Интерес к ономастике, однако, восходил к гораздо более ранним этапам биографии ученого и питался сразу из нескольких источников. Как известно, в молодые годы он испытал сильное влияние модернизма и, будучи студентом Азербайджанского университета, пережил кризис самоопределения, размышляя не только о научной, но и литературной карьере. Это поддерживалось близким знакомством с Вяч. Ивановым и другими поэтами начала XX века: К. Бальмонтом, В. Хлебниковым, С. Городецким, А. Крученых. Его собственный поэтический сборник «Хрустальный кладезь» (Баку, 1920) сохранял черты символистской поэтики. Той же культурой был инспирирован и дневник Альтмана, который он вел на протяжении многих лет[1386]. Именно с этим интеллектуальным пространством, частью которого он успел стать сам, и была связана для него тема «имени», нередко возникавшая на страницах «Разговоров с Вячеславом Ивановым» и, возможно, отсылавшая в свою очередь к общению его знаменитого собеседника с о. П. Флоренским, происходившим на десятилетие раньше[1387]. Вместе с тем культовое отношение к имени было глубоко укоренено в хасидской традиции, родословная связь с которой побуждала Альтмана независимо, на протяжении всей жизни, возвращаться к этому сюжету.
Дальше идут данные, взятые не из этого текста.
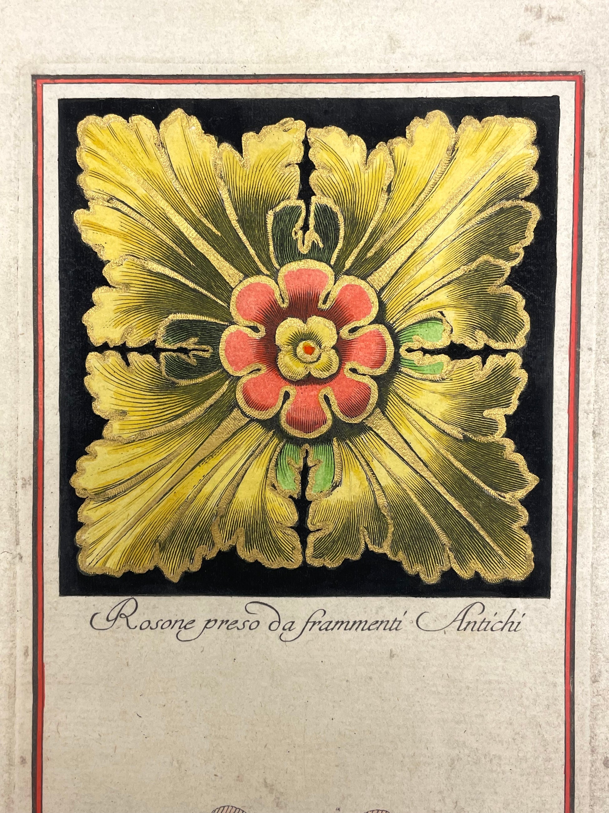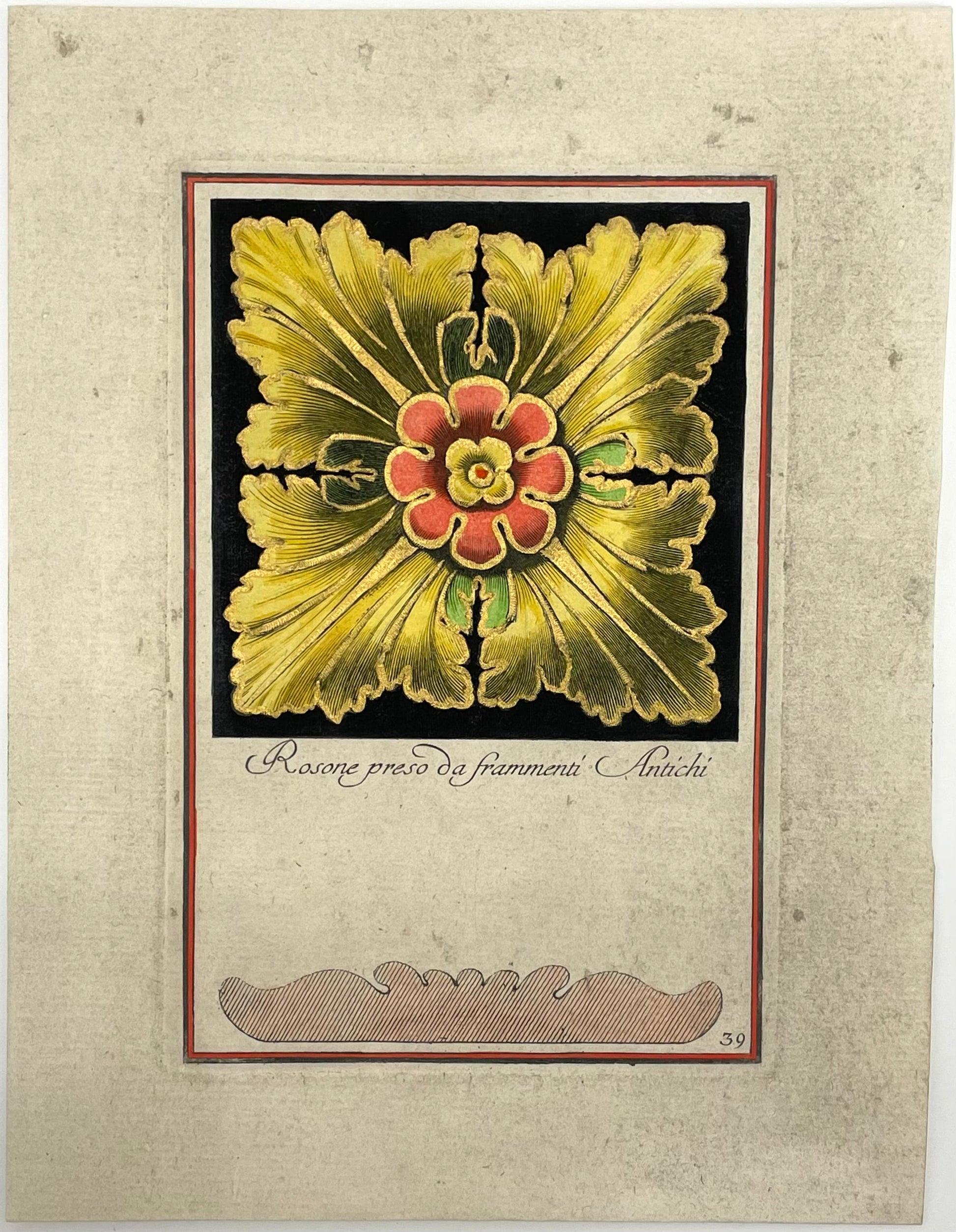 Carlo Antonini was a designer, copperplate engraver, and architect who flourished in the late 18th century and into the early 19th century. Active in Rome and Modena, Antonini produced two great collections of ornamental copperplate engravings. The first of which was titled Manuale di vari Ornamenti, tratti dal Fabbriche e Frammenti Antichi, per uso e commodo de’ pittori, scultori, architetti, scarpellini, stuccatori and was published in Rome in four parts between 1781-1790. The first two parts were devoted to rosettes, including 100 plates, which appeared on exterior and interior Italian Renaissance houses and palaces.

Другой рубеж освоения той же темы был пройден в занятиях ономастикой Гомера, в исследованиях по античности, также начатых в Баку под руководством Вяч. Иванова, что нашло отражение и в самой ранней из альтмановских картотек, датируемой 1920–1930 годами – «Гомер: имена, фразеология, аллитерация, жестикуляция. Картотека на др.<евне>гр.<еческом> и рус.<ском> яз<ыках>. 847 л.»[1388].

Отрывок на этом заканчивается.